Materials and methods
Retrieval and pre-processing of microarray data
The raw dataset GSE43458 (13) was downloaded from the gene expression omnibus (GEO) website (https://www.ncbi.nlm.nih.gov/geo/) and pre-processed by log2 transformation. A total of 110 samples were included in GSE43458, which included 30 normal samples, 40 NSCLC tissues from never-smoking patients and 40 NSCLC tissues from smoking patients. Furthermore, The Cancer Genome Atlas (TCGA) (https://cancergenome.nih.gov/) LUAD dataset was analyzed to identify smoking-associated miRNAs, including 46 normal samples, 64 LUAD tissues from never-smoking patients and 372 LUAD tissues from smoking patients.
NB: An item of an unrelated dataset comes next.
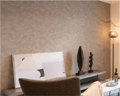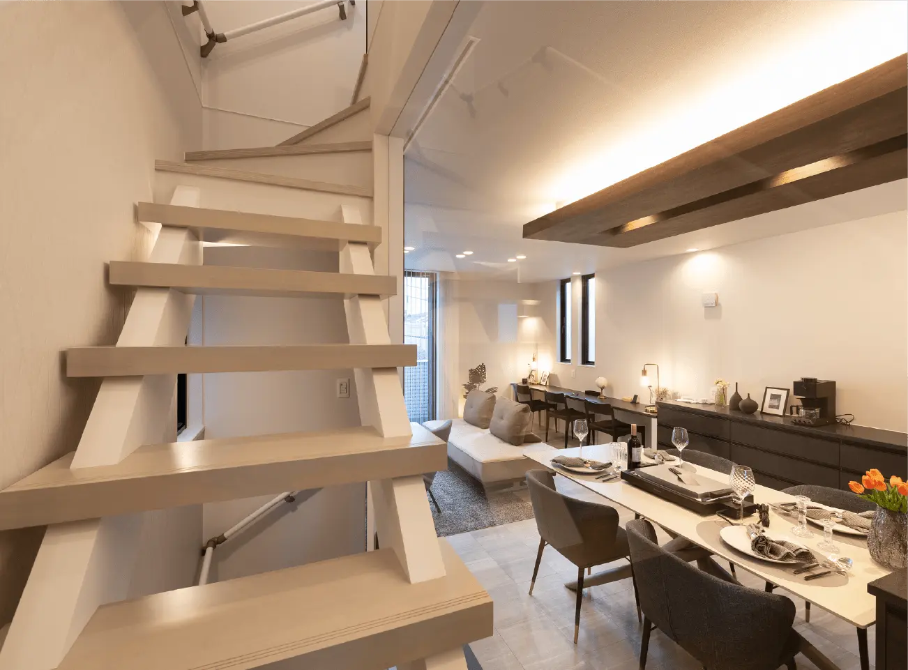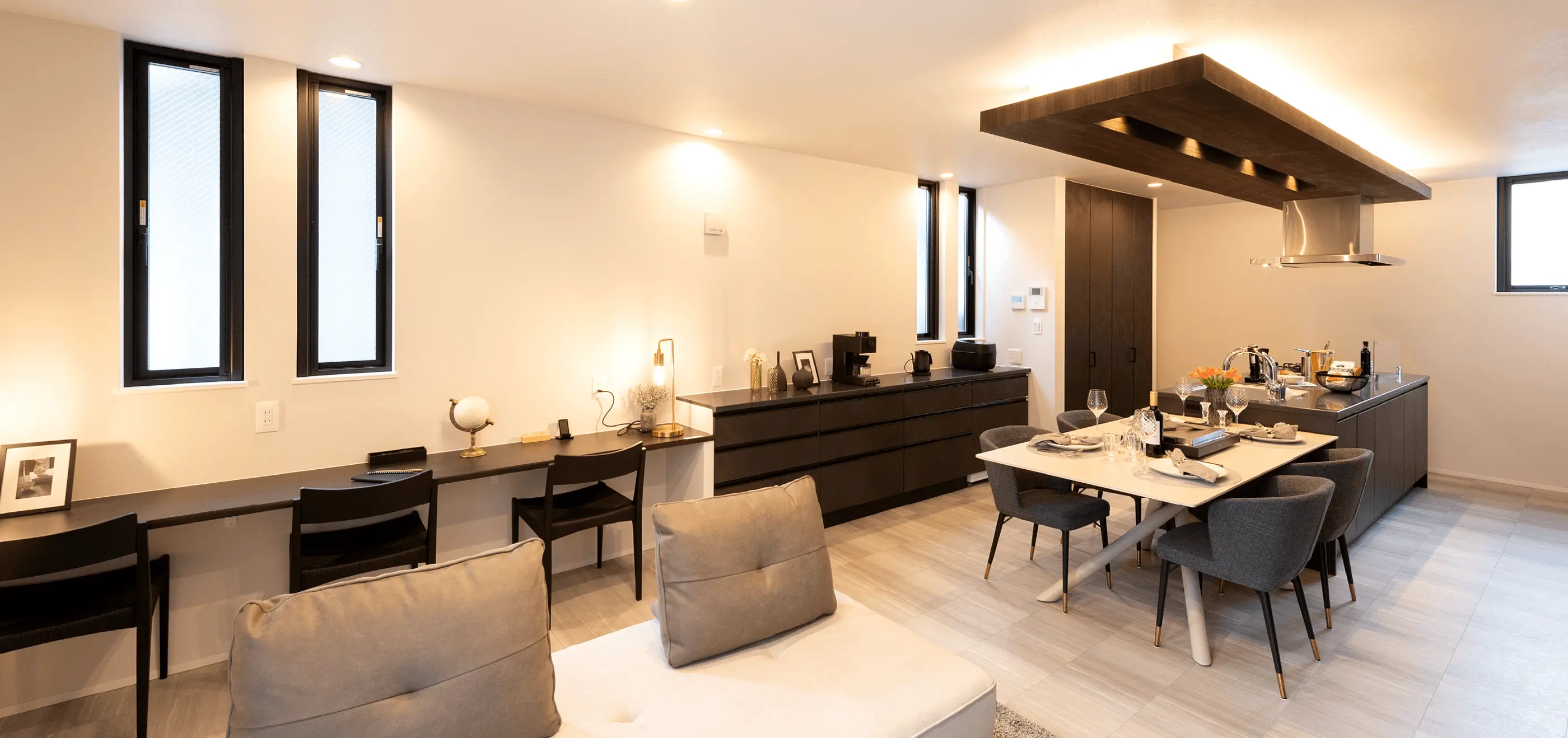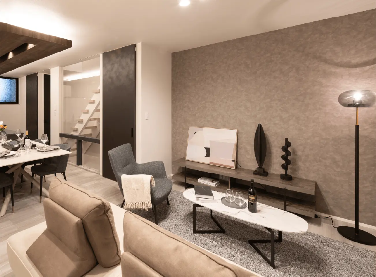 間接照明とダウンライトを効果的に配置し、落ち着きと上質感のあるリビング空間を演出。 アクセントウォールが空間に奥行きを与え、インテリアを引き立てます。 大開口からの採光により、明るさと開放感を確保し、ダイニングまで一体感のあるリビングが実現。

All sample data were normalized using the linear models for microarray analysis (limma) package in R version 3.3.0 (https://www.r-project.org/). The differentially expressed mRNA and lncRNAs were identified by the limma method. The DEGs were obtained with thresholds of |log fold change (FC)|>1.5 and P<0.001.The hierarchical cluster analysis of differentially expressed mRNAs and lncRNAs was performed using CLUSTER 3.0 (https://www.geo.vu.nl/~huik/cluster.htm), and the hierarchical clustering heat map was visualized by Tree View (14).
GO and KEGG pathway analysis
To identify functions of DEGs in smoking-associated lung cancer, GO functional enrichment analysis was performed in the categories biological process, cellular component and molecular function. KEGG pathway enrichment analysis was also performed to identify pathways enriched in smoking-associated lung cancer using the Database for the Annotation, Visualization and Integrated Discovery (DAVID; http://david.ncifcrf.gov/). P<0.05 was considered to indicate a statistically significant difference.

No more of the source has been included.